Dalam laporan yang dikutip "Vatican News", dalam misa ibadah khusus di Basilika Santo Petrus, Vatikan, Jumat (27/3), ia menyatakan: "Merangkul Tuhan untuk merangkul harapan: itulah kekuatan iman, yang membebaskan kita dari rasa takut dan memberi kita pengharapan,".

Sri Paus juga mengajak melakukan meditasi tentang krisis yang dihadapi dunia saat ini, yaitu pandemi global COVID-19 dengan refleksi yang diambil dari Injil Markus.

Sementara itu, berdasarkan laman https://katoliknews.com, Paus Fransiskus memohon pertolongan kepada Bunda Maria atas penderitaan dan kesedihan jutaan orang yang terkena dampak pandemi COVID-19 saat ini.

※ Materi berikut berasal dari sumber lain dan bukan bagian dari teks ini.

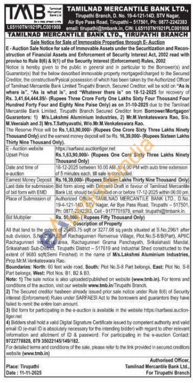 All that land to the extent of 29493.75 sqft or 3277,08 sq yards situated at S No.296/1 after sub division, S.No.296/182 of Rachagunnen Renvenue Village, Plot No.S-8/B(Part), APIC Rachagunneri Industrial area, Rachagunneri Grama Panchayath, Srikalahasti Mandal Srikalahasti Sub-District, Tirupathi District-517619 and industrial Shed constructed to the extent of 9680 sqft (Semi Finished) in the name of M/s.Lakshmi Aluminium Industries, Prop. Mr.M. Venkateswara Rao.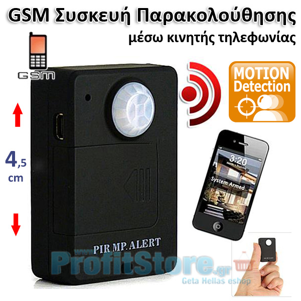 Αυτή η μικροσκοπική συσκευή δέχεται μία κάρτα κινητής τηλεφωνίας gsm και όταν ανιχνεύσει κίνηση στο χώρο θα σας καλέσει στο κινητό σας και μπορείτε να ακούστε τα πάντα στο χώρο σας !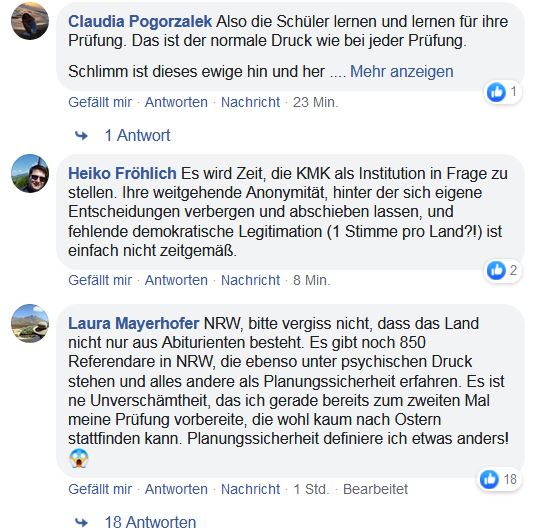 Wichtig ist in diesem Zusammenhang übrigens der Blick nach Hessen, bzw. die Frage nach dem Umgang mit den dort bereits abgelegten Prüfungen: Würden in allen anderen BL die Abiturprüfungen ausgesetzt werden und der Abschluss anhand der Durchschnittsnoten berechnet werden, bliebe die Frage wie man eine gerechte Lösung für die Hessischen Schüler hinbekäme.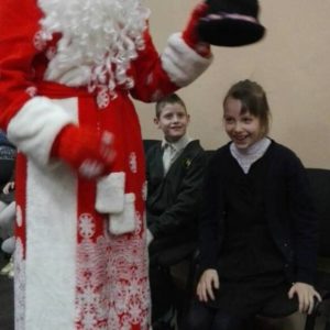 Учащиеся гимназии № 11 города Гомеля привезли Новогоднюю программу для воспитанников школы. Ребятишки с удовольствием играли в игры, пели песни, танцевали. Замечательным подарком для детей стали книги, мягкие игрушки, сладости, а также внимание и поддержка сверстников.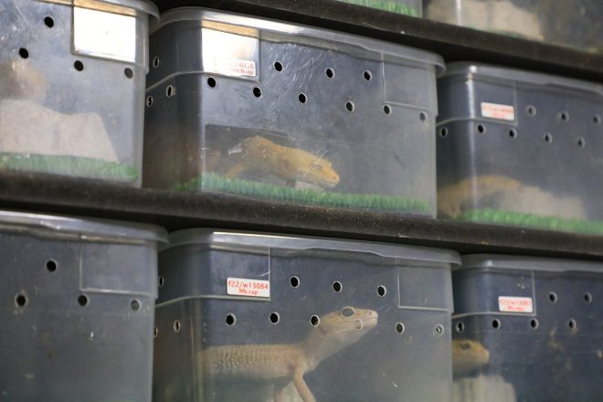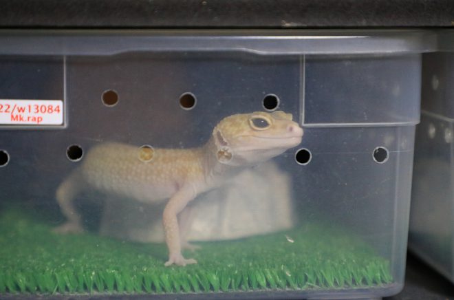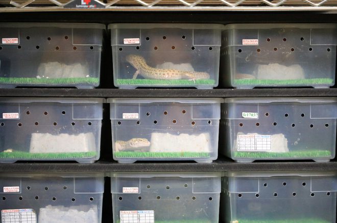 ケースは、繁殖用のアダルトと生後間もないベビーに大別。取材中、声を聞きつけたのか大人のレオパが興味深そうにカリカリやってるのが印象的でした。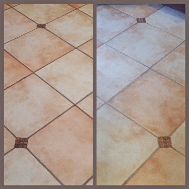 Here are the before and after photos, unretouched. The tiles in my kitchen are like brand new!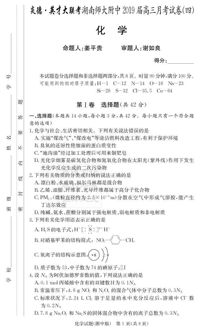 2026湖南師大附中新高考考前小題訓練·化學
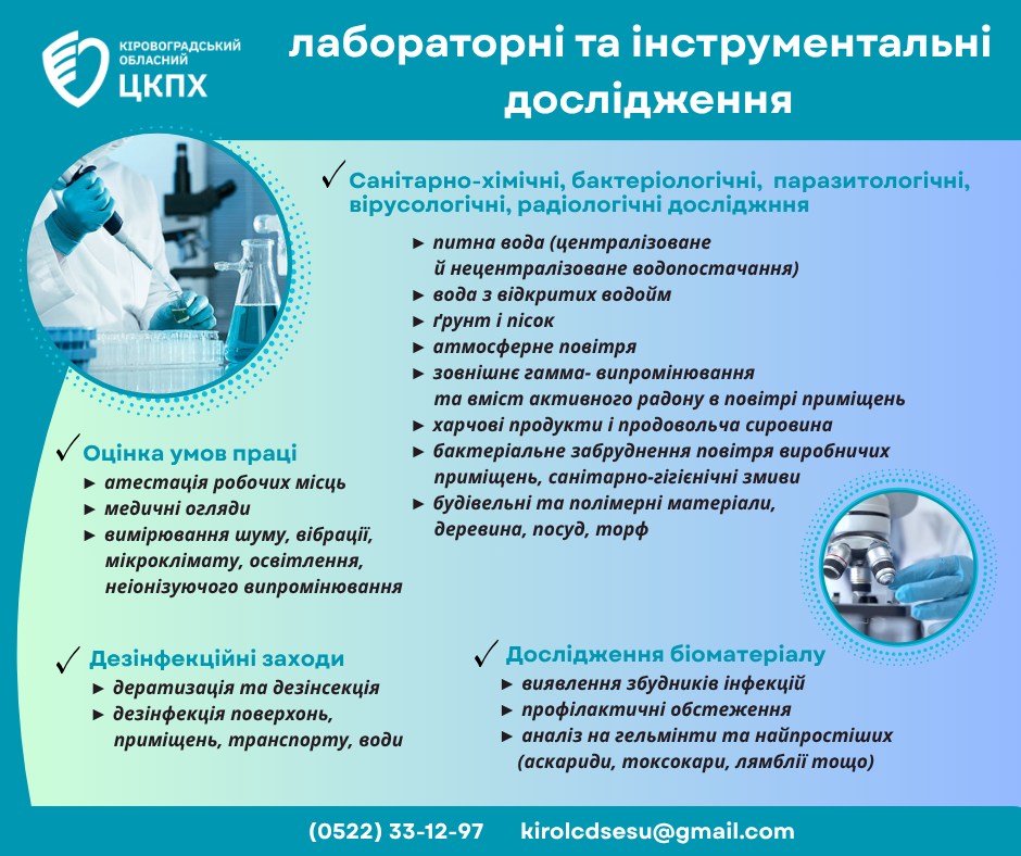 – дослідження біоматеріалу людей та об’єктів навколишнього середовища щодо виявлення збудників інфекцій;
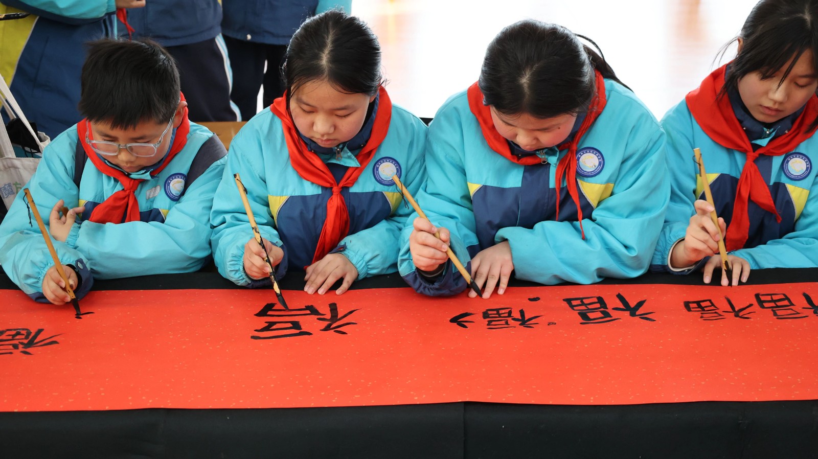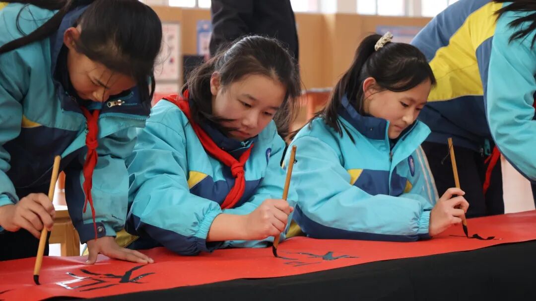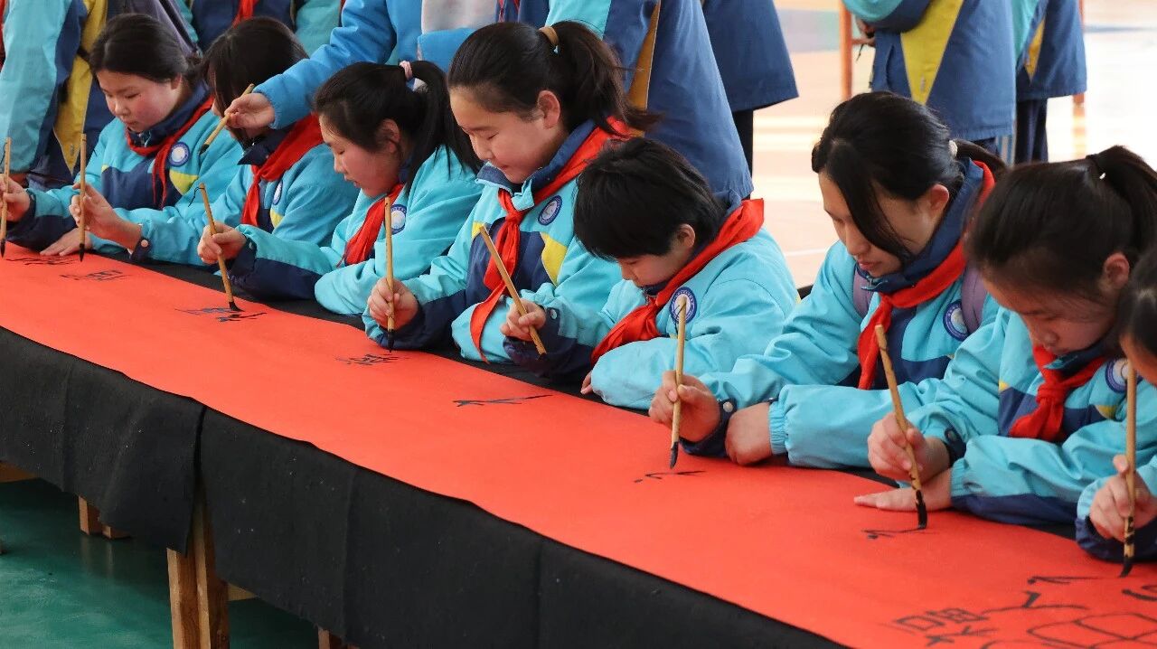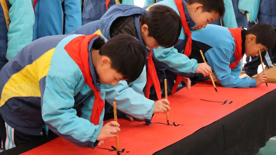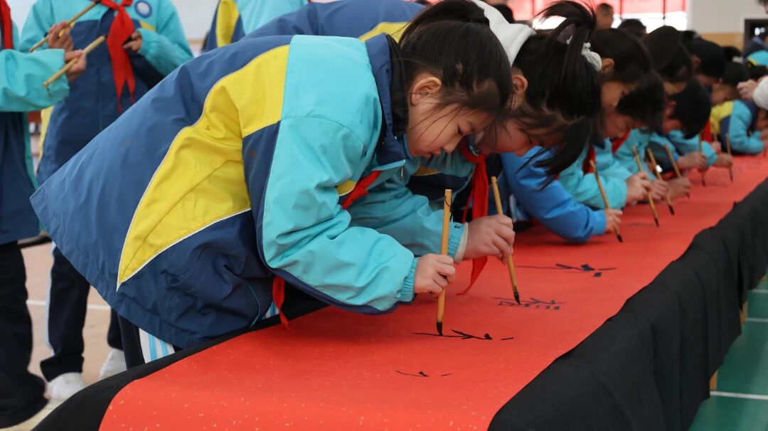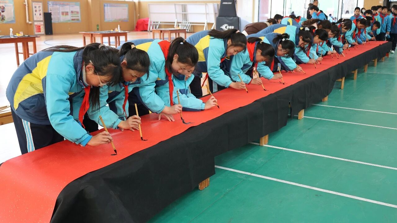 冬日暖阳洒满高阳校园,一卷百米素宣徐徐铺展,濮阳市高阳实验学校四、五年级的学子们齐聚一堂,以笔为媒、以墨传情,在横竖撇捺间书写新春福韵,在凝心聚力中共绘成长新篇。这场笔墨书福的盛会,让中华传统文化的韵味在校园流淌,也让新年的美好期许在笔尖悄然绽放。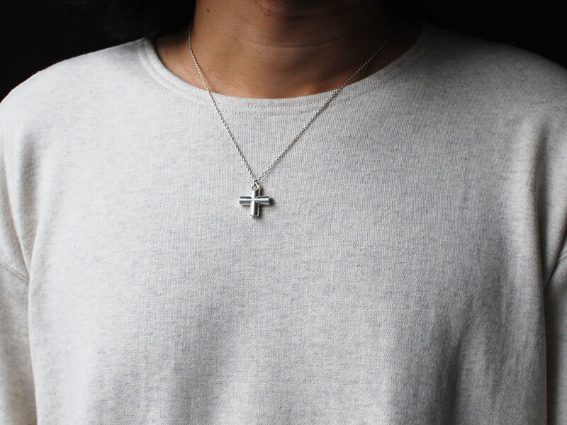 ◆シンプルなクロスをENDらしいフィニッシュで仕上げた立体的なクロスネックレス。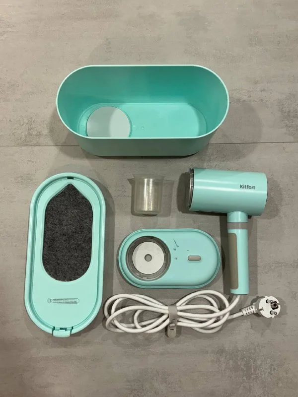 В комплекте: бокс для хранения, стаканчик, насадка утюг. Довольно маленький, можно брать с собой в поездки.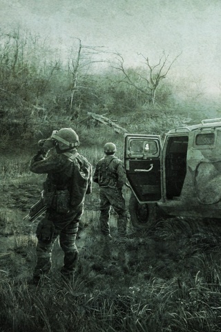 «Солдаты из сталкера на болоте»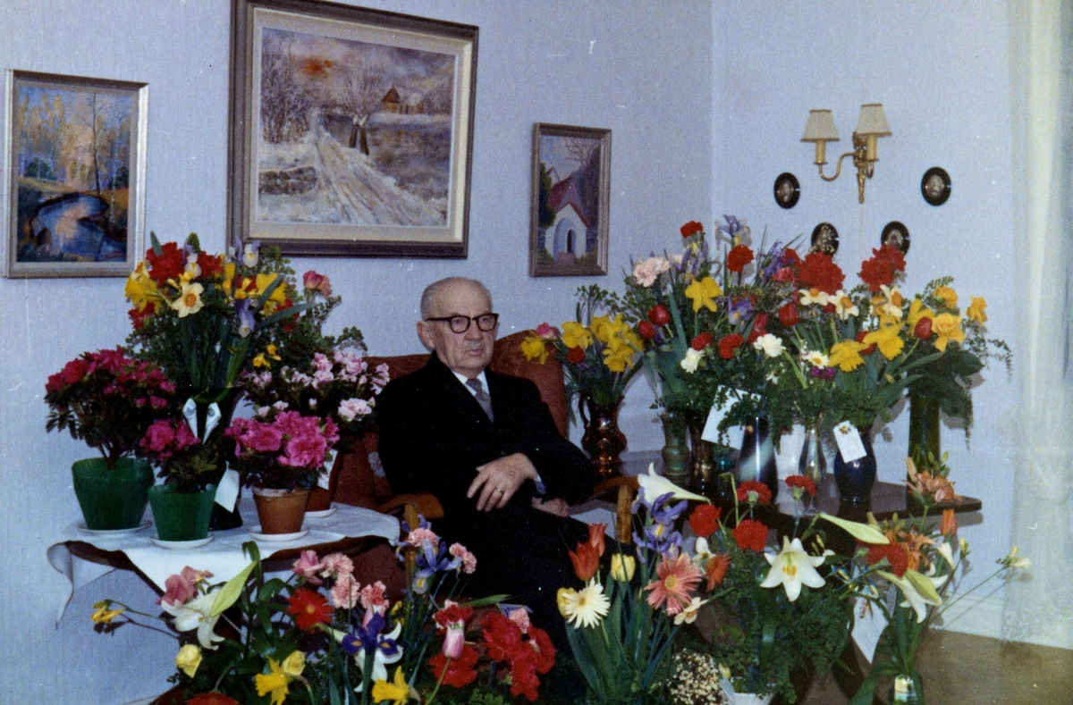 Gustav E Johansson (1886 - 1977) uppvaktas på 80-årsdagen 1966-04-05 i salen på Vommedal Östergård 2:41 "Olas" (nu: Streteredsvägen 21B). Gustav var både bonde och smed. Relaterade motiv: A1851 och A1852.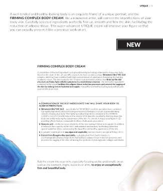 UTIQUE FIRMING COMPLEX BODY CREAM A well-tended and healthy-looking body is an exquisite frame of a unique portrait, and the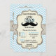 Kort för inbjudningar till en babydusch i pojke. Lil eller lilla man, mustasch tema. Blått, akvat och vitt chevron mönster med faux glitter. Hämta matchande klistermärken!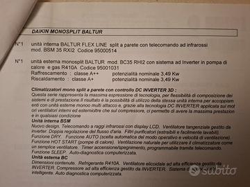 Occasione climatizzatore BALTUR, azienda italiana con sede a Cento (FE), utilizzato pochissimo: 1 unità interna BALTUR FLEX LINE mod. BSM35RX12 con telecomando ad infrarossi; 1 unità esterna monosplit BALTUR mod. BC35RH12 con sistema ad inverter in pompa di calore; Raffrescamento: classe A++ Riscaldamento: classe A+ Corredato di libretto di impianto e dichiarazione di conformità. Comprese staffe per posizionamento a parete unità esterna.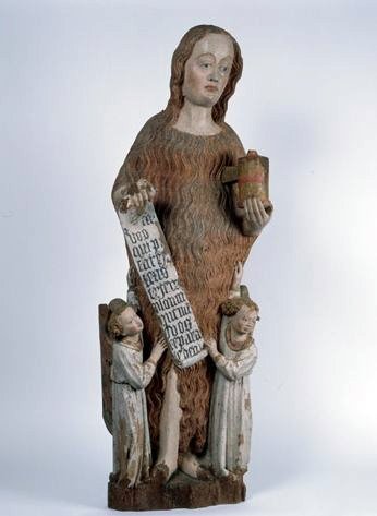 Cette statue de sainte Madeleine pénitente enlevée par deux anges pourrait dater du 15e ou du 16e siècle.

Paus, melalui pesan video yang disiarkan pada 11 Maret 2020 berdoa di depan lukisan Maria Bunda Kasih Ilahi, memohon padanya untuk "Tidak mengabaikan permohonan kami yang sedang di dalam pencobaan" tetapi "menjauhkan kami dari setiap mara bahaya".

"Kami mempercayakan diri kami kepadamu, kesehatan orang-orang sakit. Di bawah kayu Salib engkau ikut serta dalam penderitaan Yesus, dengan iman yang teguh," kata Paus dalam doanya.

Baca juga: Wapres Ma'ruf sebut iman, imun, aman, amin untuk tangkal COVID-19

Baca juga: Kardinal Suharyo pimpin doa untuk masyarakat terdampak COVID-19



Implementasi

Sandaran pada kekuatan ilahiyah itu, diimplementasikan dalam wujud yang beragam.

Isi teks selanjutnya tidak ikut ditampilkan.